Wikipedia founder aims to 'fix the news' with collaborative website
Source: Reuters
The new platform, called Wikitribune, will be free to access and carry no advertising, instead relying on its readers to fund it, while the accuracy of news reports will be easily verifiable as source material will be published, Wales said.
"The news is broken, but we've figured out how to fix it," he said in a promotional video posted on the website's homepage.
The online proliferation of fake news, some of it generated for profit and some for political ends, became a major topic of angst and debate in many developed countries during last year's U.S. presidential election.
Wales argued in his video that because people expected to get news for free on the Internet, news sites were reliant on advertising money, which created strong incentives to generate so-called "clickbait", catchy headlines to attract viewers.
Read more: http://www.reuters.com/article/us-media-wikitribune-idUSKBN17R11K
The political middle, common sense, Americans, are asserting themselves in
many ways.
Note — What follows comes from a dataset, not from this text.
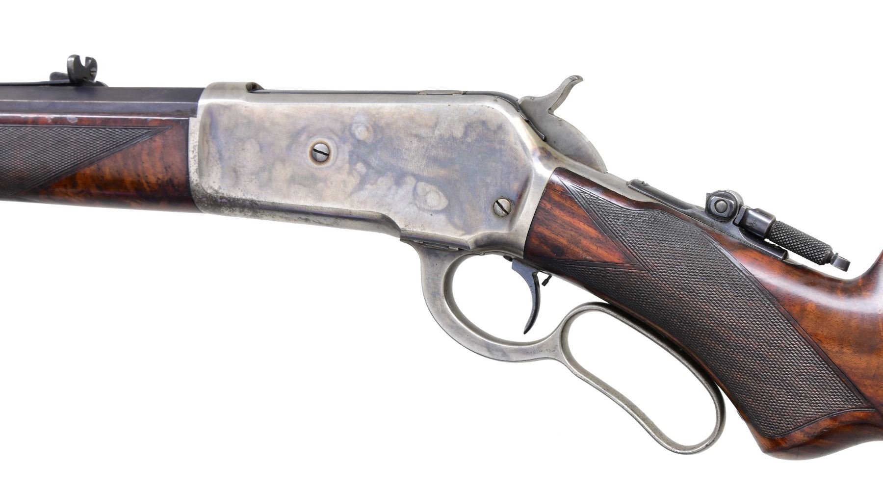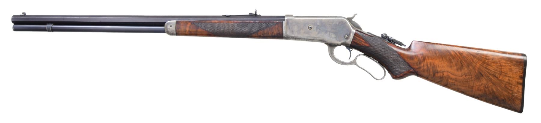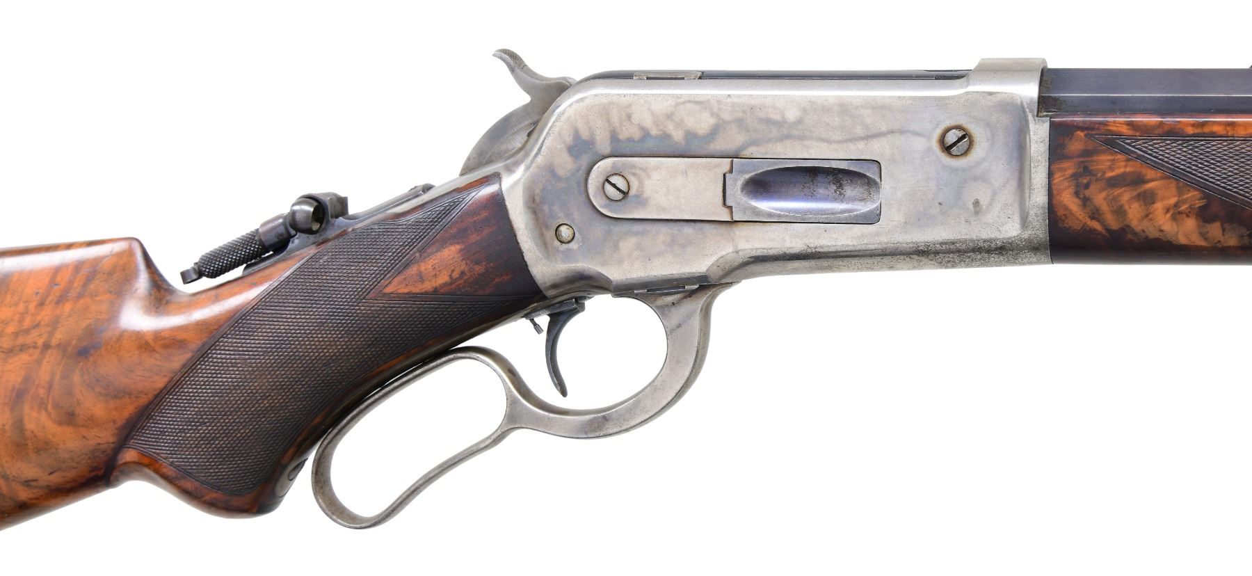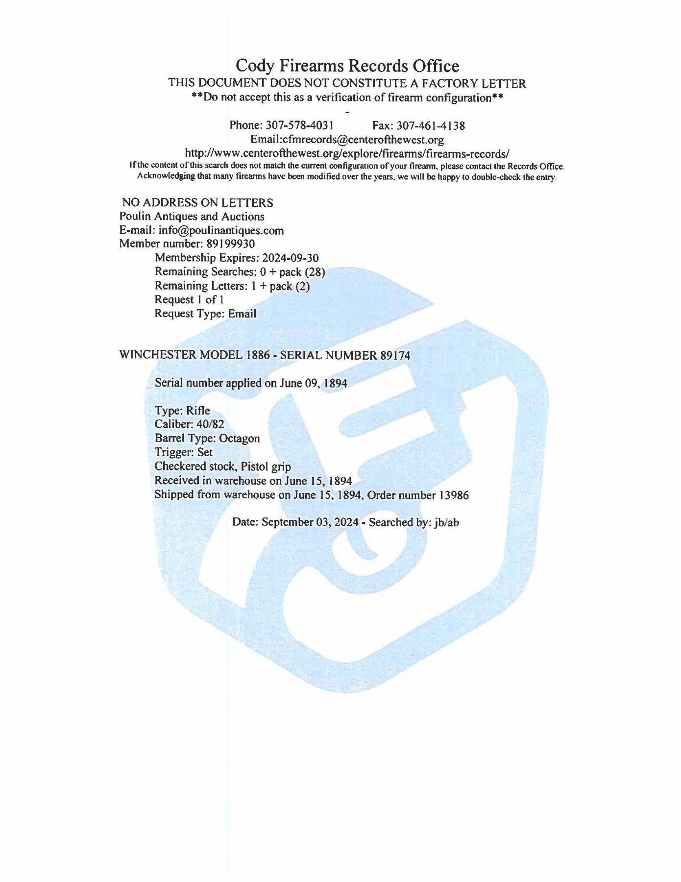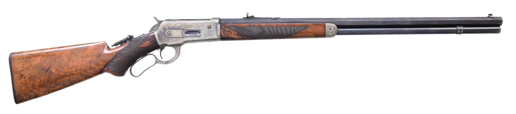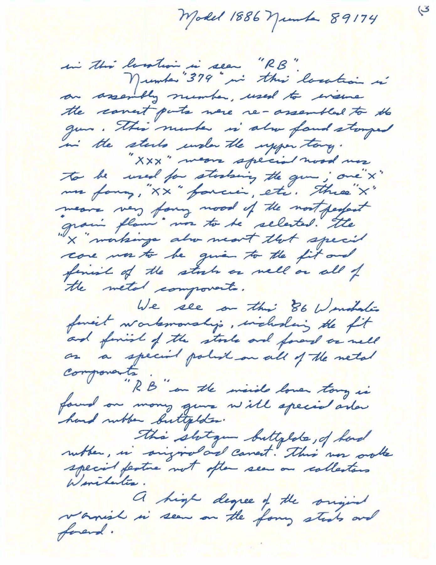 RIFLE WITH VERY RARE EXTRA LENGTH STOCK & MADIS LETTER. Cal. 40-82 WCF. S#. 89174. Bbl. 26" octagon. As noted in accompanying letter from George Madis, special order stock dimensions are very rarely found on Winchester rifles. Lyman Express bead front, standard sporting rear w/ a Lyman tang peep sight having the correct code "N" stamped under the base. Full length mag. Blue finish w/ case colored action & forend cap. Single set trigger. Forend & pistol grip stock of XXX fancy black walnut. Features include style "H" factory checkering, ebony grip insert & hard rubber shotgun buttplate. The special order stock has an LOP of 14 1/2", one inch longer than standard. Special order stock dimensions are very rarely found on Winchester rifles. Left inside of lower tang is marked with assembly # "379" followed by "XXX" wood grade marking & "RB" for rubber buttplate. A matching "379" is found in the top tang channel. UNATTACHED ACCESORIES: a George Madis hand written letter discussing the rare special features and originality of the rifle. Cody Firearms Records check stating: Type: Rifle / Caliber: 40/82 / Barrel type: Octagon / Trigger: Set / Checkered stock, Pistol grip / Received in warehouse on June 15, 1894 / Shipped from warehouse on June 15, 1894, Order number 13986." CONDITION: overall a very attractive original special order 1886 rifle. Bbl. & mag tube retain over 80% lightly faded original blue. Action shows 40%+ lightly faded factory case colors with scattered peppery oxidation appearing at bottom. Original wood finish is very good, showing some wear spots, scattered scratches & marks. Right side of forend has a short tight grain crack from the highly figured wood approx 1/4" in length. Base of front sight is slightly marred from attempt at drifting. Sound action & set trigger. Bore has a slightly frosted appearance retaining strong rifling. (01-25862/DS). ANTIQUE. $8,500-12,500.

There is no downside to reality, logic, science, middle-of-the-road
thinking. In fact it's what civilizations rely on.
Girard442
(6,059 posts)It would be nice to have actual news in the news. Of course, if it gets to the stage where it begins to actually work, it will then have to survive intense attacks by the politicians and the existing media.
Ligyron
(7,592 posts)Other than that tho'...
Massacure
(7,497 posts)From the sounds of it, articles will be written by 10 professional journalist as well as a number of volunteers.
singed.dude
(42 posts)We need news that is:
free from money-driven, profit-oriented bias;
not afraid of covering and discussing any issue, whether it's net-neutrality, the fossil fuel industry, climate change, politics, political candidates that don't fit the corporate mold, the pharmaceutical industry, the health care industry, the military-industrial complex, etc.; and
free from fake news.
Have I missed anything?
Dustlawyer
(10,493 posts)JudyM
(29,122 posts)And then we just need to fix the election process/voting equipment, and we'll be a good democracy.
canetoad
(17,088 posts)But are the people who follow fake news even interested in verifying sources?
PearliePoo2
(7,768 posts)I can hardly wait to check it out. Sounds darn right refreshing!
Bernardo de La Paz
(48,784 posts)many ways. There is no downside to reality, logic, science, middle-of-the-road
thinking. In fact it's what civilizations rely on.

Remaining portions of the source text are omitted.